Linux Kernel Tuning for High-Performance VoIP Servers

Sunil Kumar Nayak
VoIP & Software Engineer

Throughput vs. Latency

Most Linux distributions (Ubuntu, Debian, CentOS) come out of the box tuned for file servers or web servers: they want to move as much data as possible (Throughput). They buffer data to do this.

VoIP hates buffering. In VoIP, a packet that arrives 200ms late is worse than a lost packet. We need to tune the kernel for Real-Time (Latency) performance.

1. Disable Power Saving (C-States)

Modern CPUs love to sleep to save power. When a packet arrives, the CPU has to "wake up", which takes microseconds. For millions of packets, this adds up to jitter.

Edit /etc/default/grub and add:

intel_idle.max_cstate=1 processor.max_cstate=1

This forces the CPU to stay awake and ready to process RTP packets instantly.

2. Interrupt Affinity (SMP Affinity)

By default, one CPU core usually handles all network interrupts.
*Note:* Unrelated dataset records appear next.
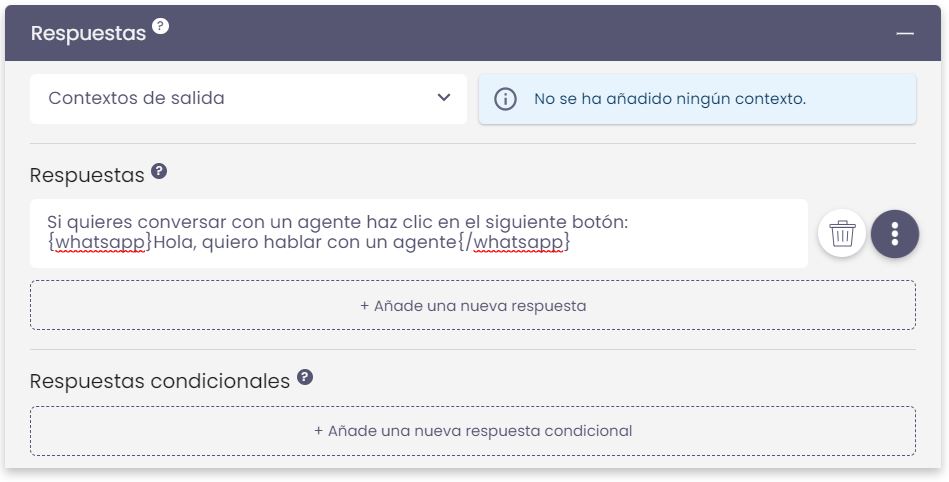 Guardamos el intent, y podremos visualizar el botón de WhatsApp en la conversación con el bot.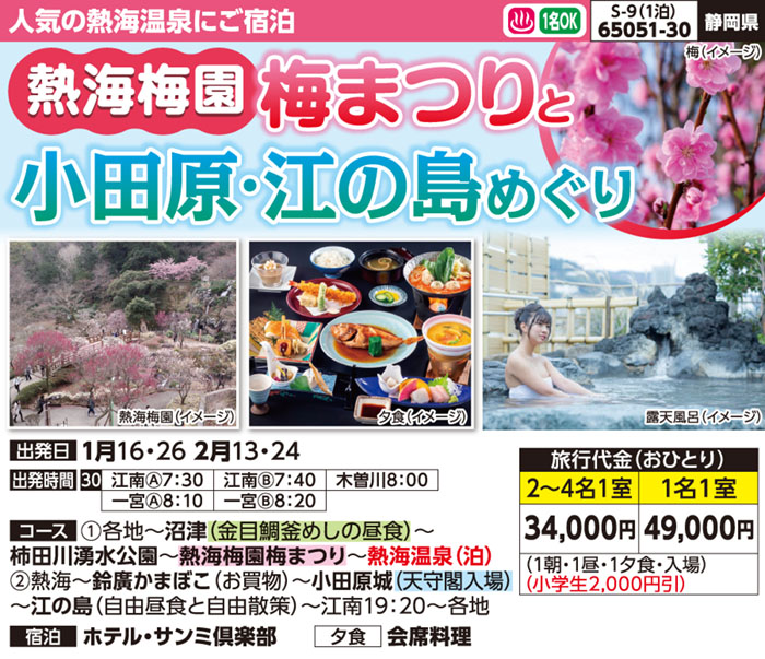| 65051-30 | 宿泊バスの旅 | 34,000円 ~ 49,000円 | 2026/01/16 ~ 2026/02/24 |
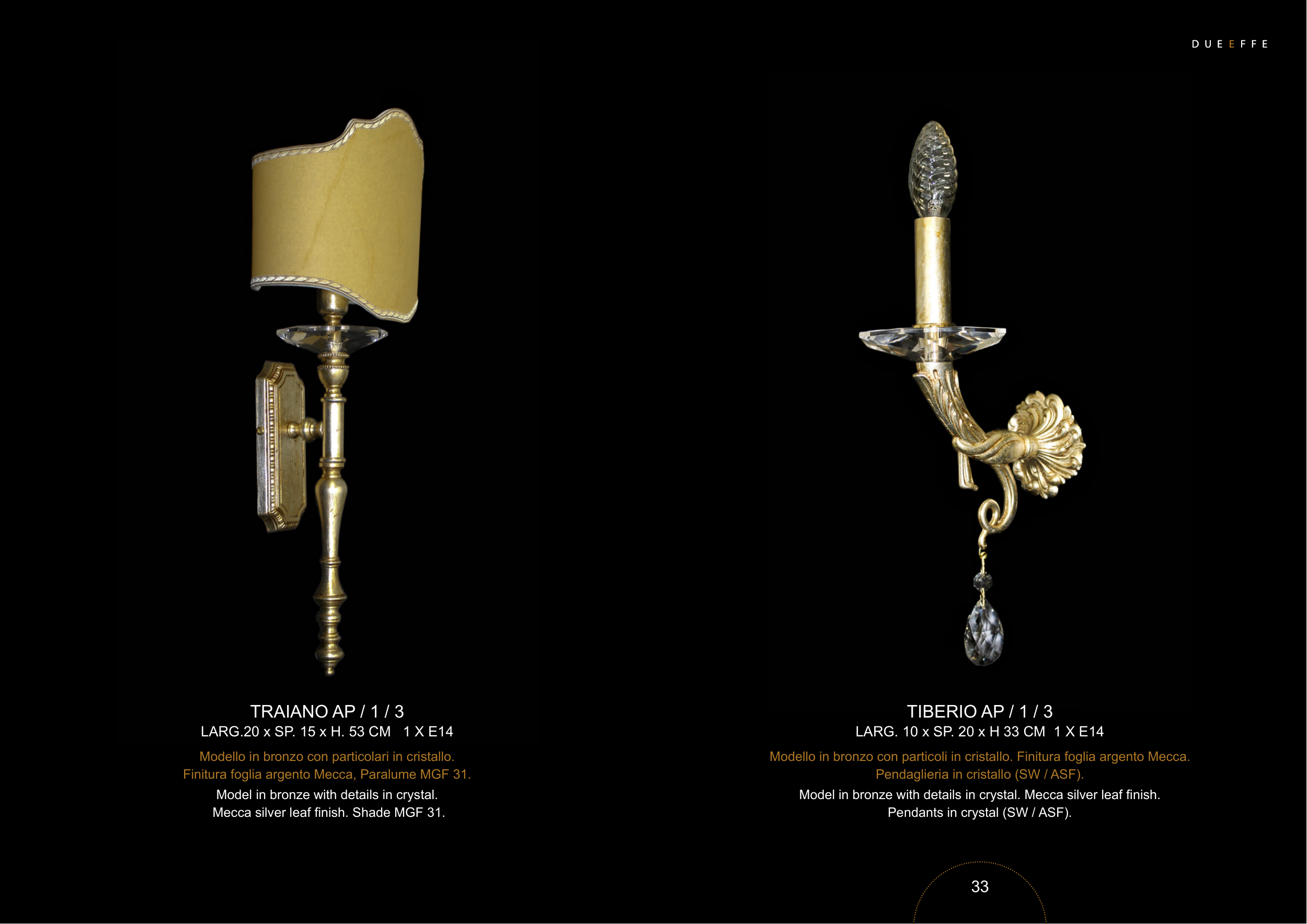 Model in bronze with details in crystal. Mecca silver leaf finish.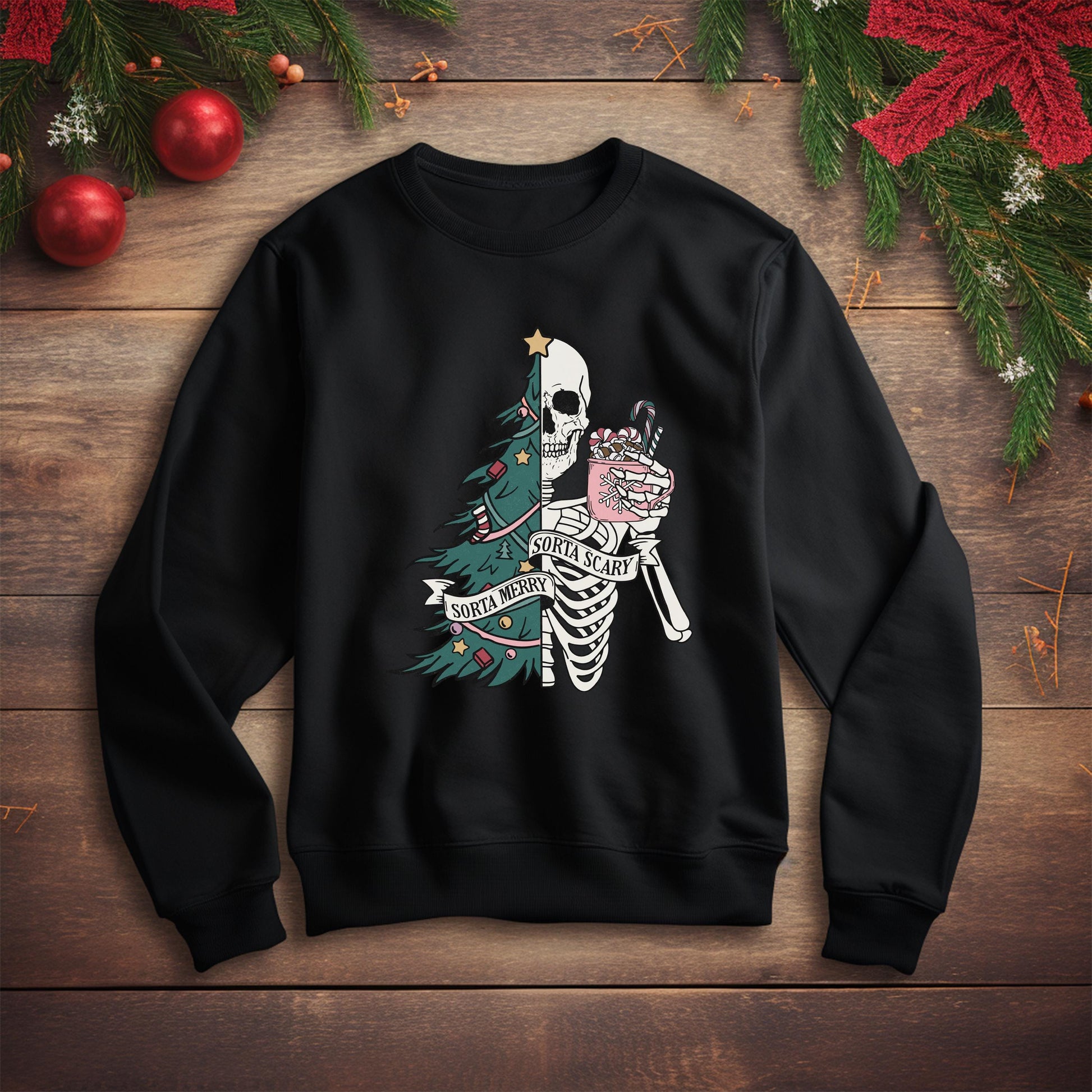 Embrace the dual spirit of the holiday season with our unique Sorta Merry, Sorta Scary Christmas Crew Neck Sweater. This festive yet edgy black sweater features a captivating design that perfectly balances holiday cheer with a touch of spookiness.

At high loads, this one core hits 100% while others sit idle.

Linux Kernel Tuning Dashboard

Use irqbalance or manually script the SMP affinity to distribute the network card's queues across multiple cores. This is critical for scaling past 2,000 concurrent calls.

3. UDP Buffer Sizes

RTP uses UDP. The default Linux UDP buffers are tiny. Increase them to avoid packet loss at the socket layer.

net.ipv4.udp_mem = 65536 131072 262144
net.ipv4.udp_rmem_min = 16384
net.ipv4.udp_wmem_min = 16384

Conclusion

Tuning Linux for VoIP is an art of removing bottlenecks and disabling "helpful" features like power saving that introduce latency.